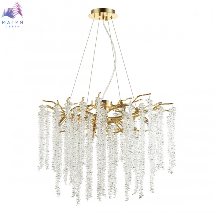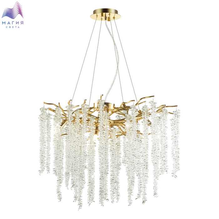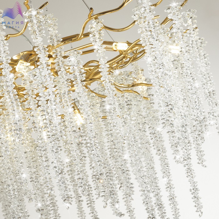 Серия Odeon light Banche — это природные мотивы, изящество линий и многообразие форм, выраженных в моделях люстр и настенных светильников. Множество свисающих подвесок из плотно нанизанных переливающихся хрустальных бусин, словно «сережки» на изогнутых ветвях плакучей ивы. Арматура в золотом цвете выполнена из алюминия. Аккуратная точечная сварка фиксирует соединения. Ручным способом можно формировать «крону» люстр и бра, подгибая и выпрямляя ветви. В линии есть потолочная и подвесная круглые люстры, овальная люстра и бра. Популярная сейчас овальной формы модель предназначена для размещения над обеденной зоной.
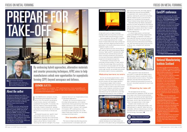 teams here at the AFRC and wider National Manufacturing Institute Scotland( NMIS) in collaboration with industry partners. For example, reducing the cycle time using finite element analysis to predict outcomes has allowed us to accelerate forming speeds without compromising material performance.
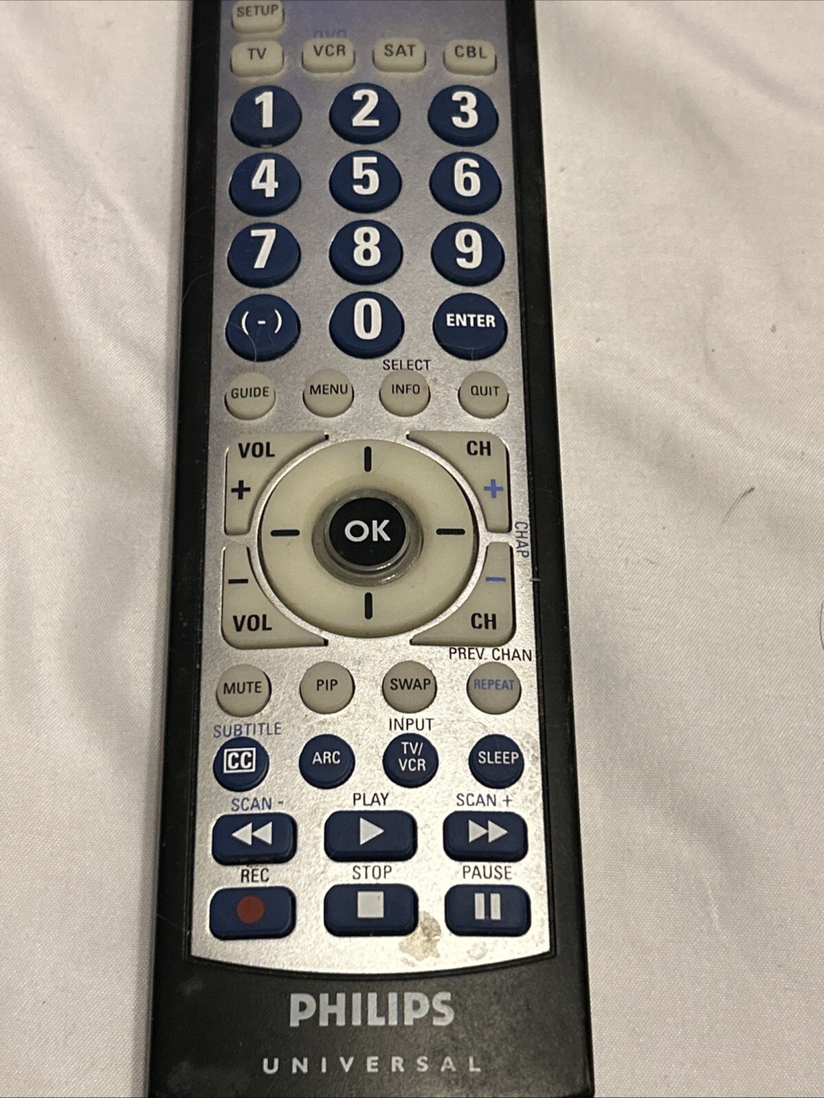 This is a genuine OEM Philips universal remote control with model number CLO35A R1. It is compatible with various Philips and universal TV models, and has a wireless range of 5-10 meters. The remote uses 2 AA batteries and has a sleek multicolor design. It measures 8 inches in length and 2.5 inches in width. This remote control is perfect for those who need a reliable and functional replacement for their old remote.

__WORK INSTRUCTION__
Restate the data above word for word. Skip every picture.

__OUTPUT BELOW__
 Серия Odeon light Banche — это природные мотивы, изящество линий и многообразие форм, выраженных в моделях люстр и настенных светильников. Множество свисающих подвесок из плотно нанизанных переливающихся хрустальных бусин, словно «сережки» на изогнутых ветвях плакучей ивы. Арматура в золотом цвете выполнена из алюминия. Аккуратная точечная сварка фиксирует соединения. Ручным способом можно формировать «крону» люстр и бра, подгибая и выпрямляя ветви. В линии есть потолочная и подвесная круглые люстры, овальная люстра и бра. Популярная сейчас овальной формы модель предназначена для размещения над обеденной зоной.
 teams here at the AFRC and wider National Manufacturing Institute Scotland( NMIS) in collaboration with industry partners. For example, reducing the cycle time using finite element analysis to predict outcomes has allowed us to accelerate forming speeds without compromising material performance.
 This is a genuine OEM Philips universal remote control with model number CLO35A R1. It is compatible with various Philips and universal TV models, and has a wireless range of 5-10 meters. The remote uses 2 AA batteries and has a sleek multicolor design. It measures 8 inches in length and 2.5 inches in width. This remote control is perfect for those who need a reliable and functional replacement for their old remote.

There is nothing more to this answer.